**Work instructions**
Pictures are not part of the answer. Return the lines from the one containing "19일 국회에서 열린" through the end of the data, both included, exactly as they appear.

**Given data**
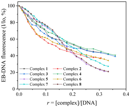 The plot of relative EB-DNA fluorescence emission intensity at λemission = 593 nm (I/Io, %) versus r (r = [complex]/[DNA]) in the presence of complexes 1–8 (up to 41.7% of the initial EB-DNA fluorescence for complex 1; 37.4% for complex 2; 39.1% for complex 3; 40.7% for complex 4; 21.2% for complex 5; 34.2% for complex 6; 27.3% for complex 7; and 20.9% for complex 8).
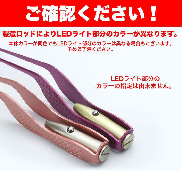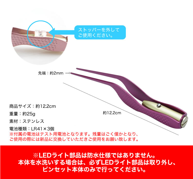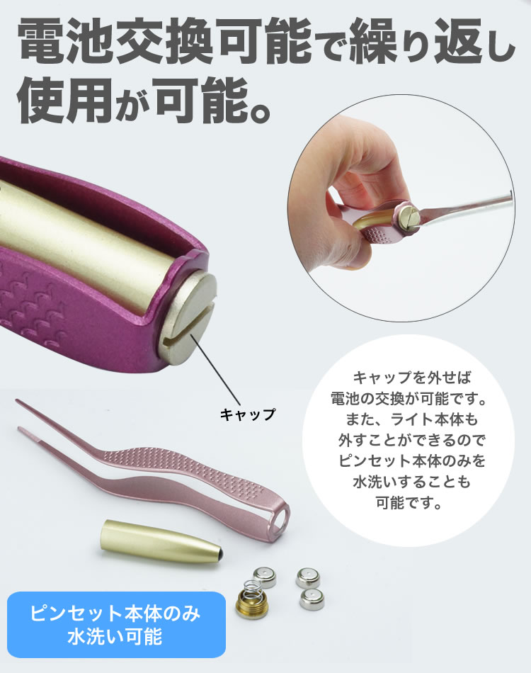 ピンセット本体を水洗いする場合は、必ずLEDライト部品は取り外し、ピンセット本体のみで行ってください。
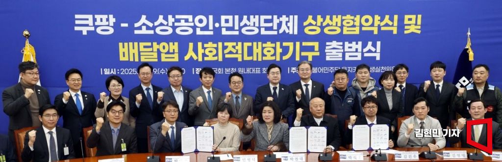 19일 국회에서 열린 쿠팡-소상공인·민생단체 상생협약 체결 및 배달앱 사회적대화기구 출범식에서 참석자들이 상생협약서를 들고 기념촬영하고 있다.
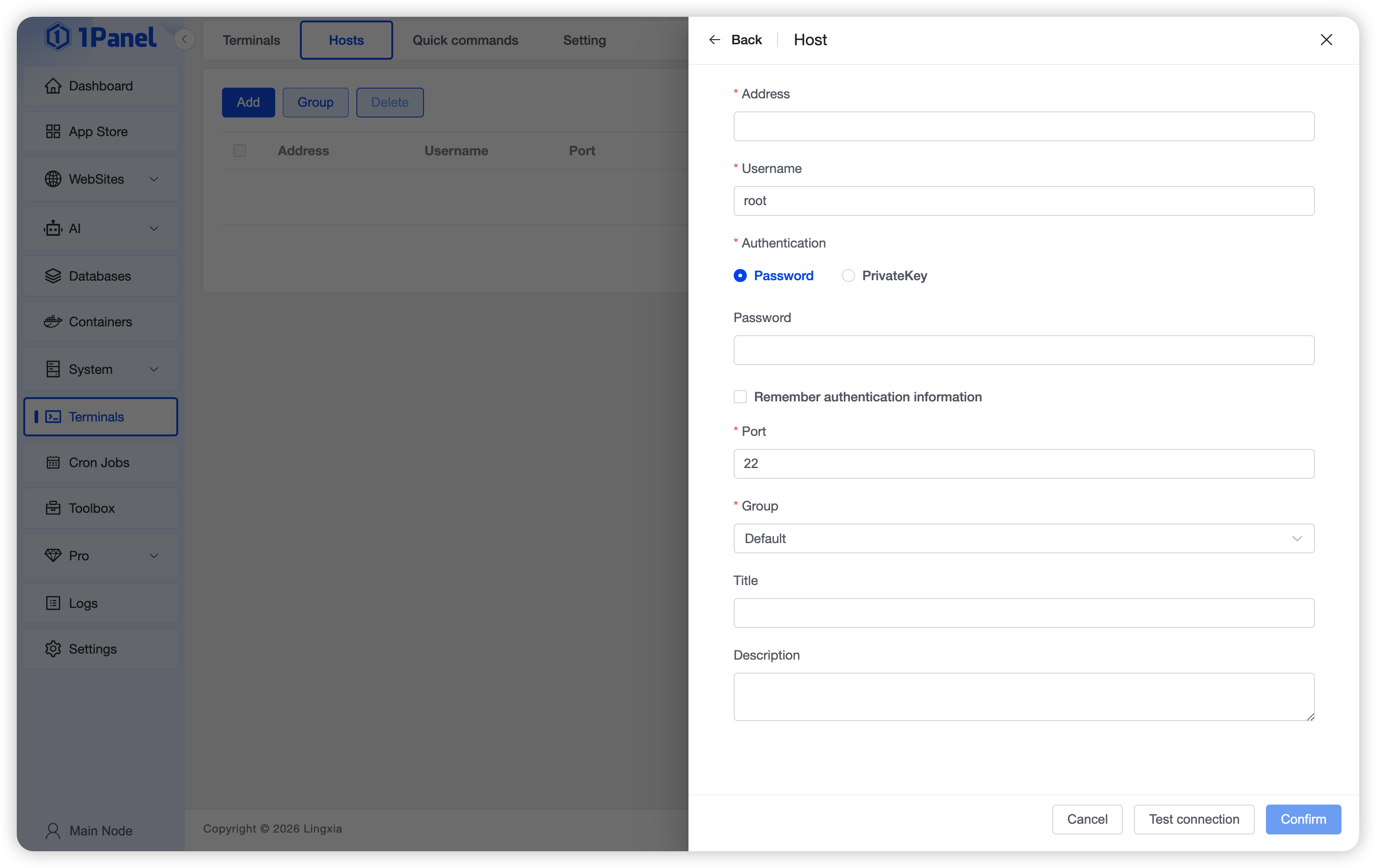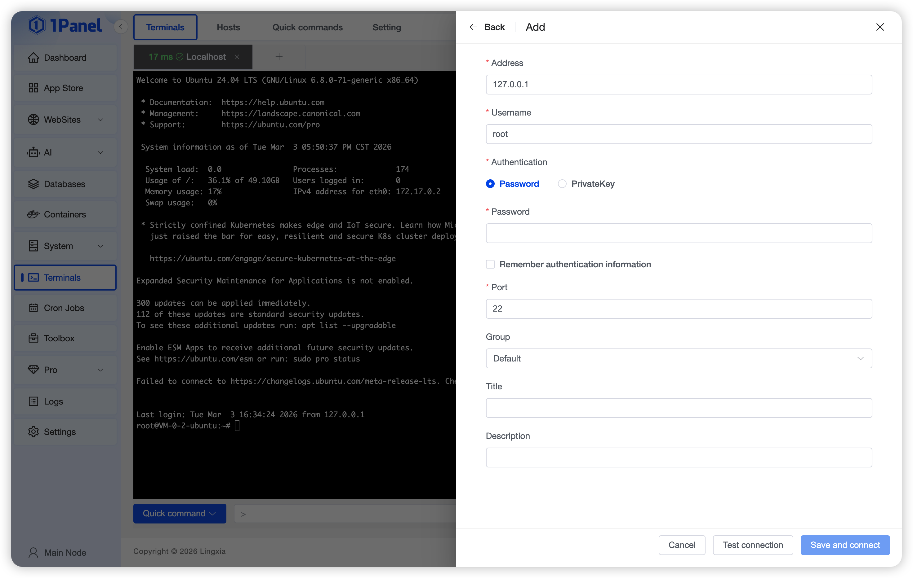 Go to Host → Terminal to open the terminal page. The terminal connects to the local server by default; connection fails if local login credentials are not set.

**Exercise result**
 19일 국회에서 열린 쿠팡-소상공인·민생단체 상생협약 체결 및 배달앱 사회적대화기구 출범식에서 참석자들이 상생협약서를 들고 기념촬영하고 있다.
 Go to Host → Terminal to open the terminal page. The terminal connects to the local server by default; connection fails if local login credentials are not set.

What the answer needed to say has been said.